**Exercise goal:**
Leave out the pictures, and retype the remaining data exactly.

== Recorded data

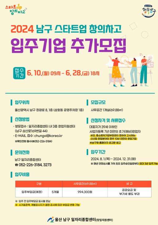 ▲ 울산 남구, ‘2024년 남구 스타트업 창의차고’ 입주기업 모집 |
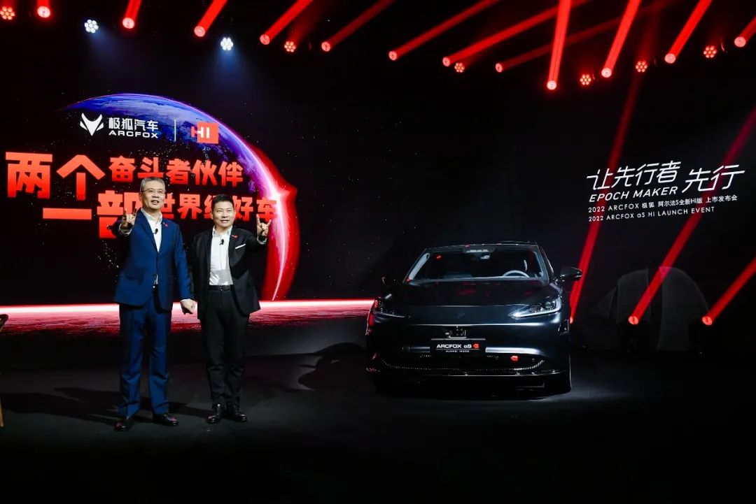 就在剛剛,ARCFOX極狐阿爾法S全新HI版車型正式上市,北汽集團副總經(jīng)理、北汽新能源董事長劉宇,華為常務董事、終端BG CEO、智能汽車解決方案BU CEO余承東同臺握手,共同見證這款“智能駕駛第一車”的隆重登場。
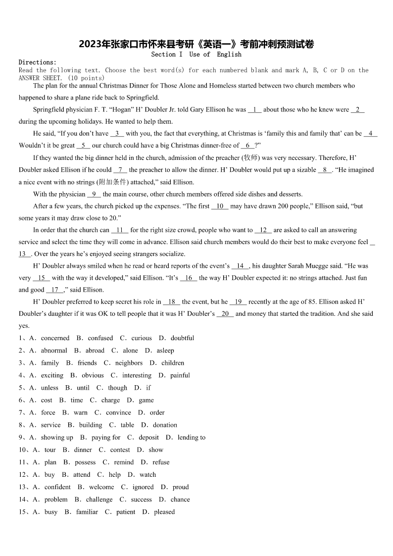 2023年张家口市怀来县考研《英语一》考前冲刺预测试卷SectionIUseofEnglishDirections:Readthefollowingtext.Choosethebestword(s)foreachnumberedblankandmarkA,B,CorDontheANSWERSHEET.(10points)TheplanfortheannualChristmasDinnerforThoseAloneandHomelessstartedbetweentwochurchmemberswhohap
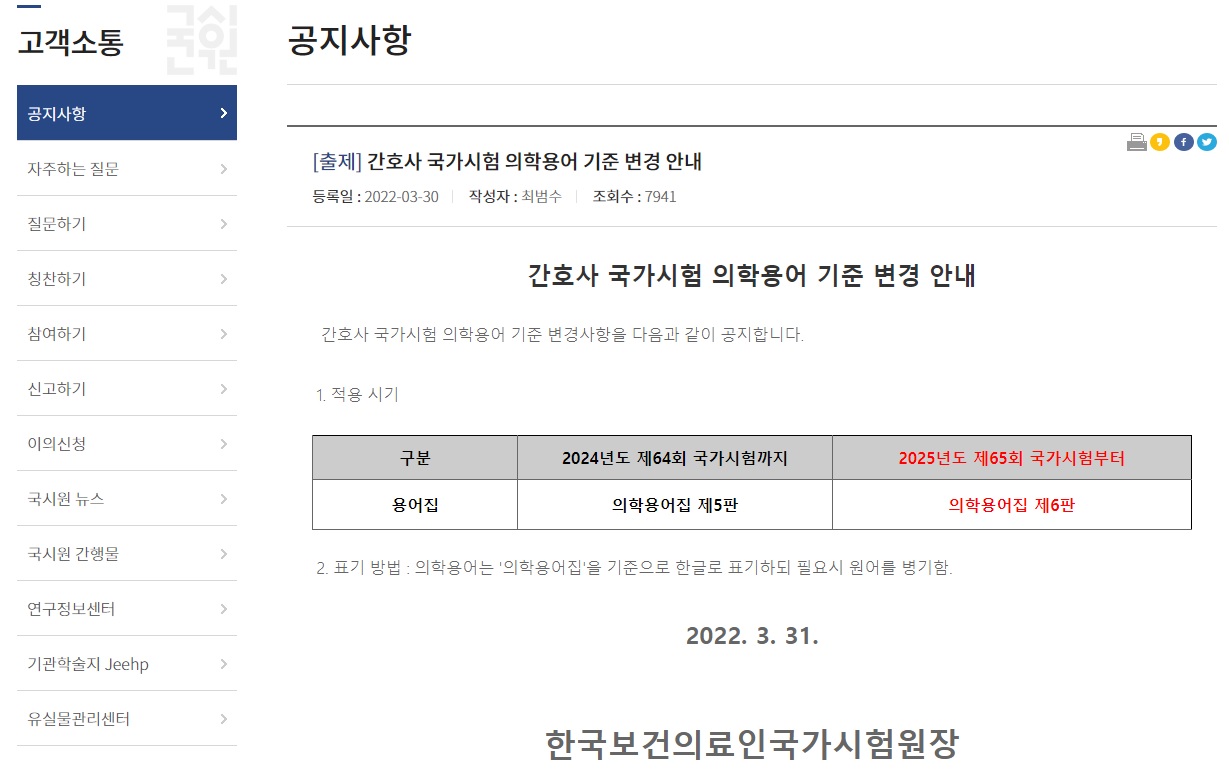 간호사 국가시험 의학용어 기준 변경 안내

====

**Result of this exercise:**
 ▲ 울산 남구, ‘2024년 남구 스타트업 창의차고’ 입주기업 모집 |
 就在剛剛,ARCFOX極狐阿爾法S全新HI版車型正式上市,北汽集團副總經(jīng)理、北汽新能源董事長劉宇,華為常務董事、終端BG CEO、智能汽車解決方案BU CEO余承東同臺握手,共同見證這款“智能駕駛第一車”的隆重登場。
 2023年张家口市怀来县考研《英语一》考前冲刺预测试卷SectionIUseofEnglishDirections:Readthefollowingtext.Choosethebestword(s)foreachnumberedblankandmarkA,B,CorDontheANSWERSHEET.(10points)TheplanfortheannualChristmasDinnerforThoseAloneandHomelessstartedbetweentwochurchmemberswhohap
 간호사 국가시험 의학용어 기준 변경 안내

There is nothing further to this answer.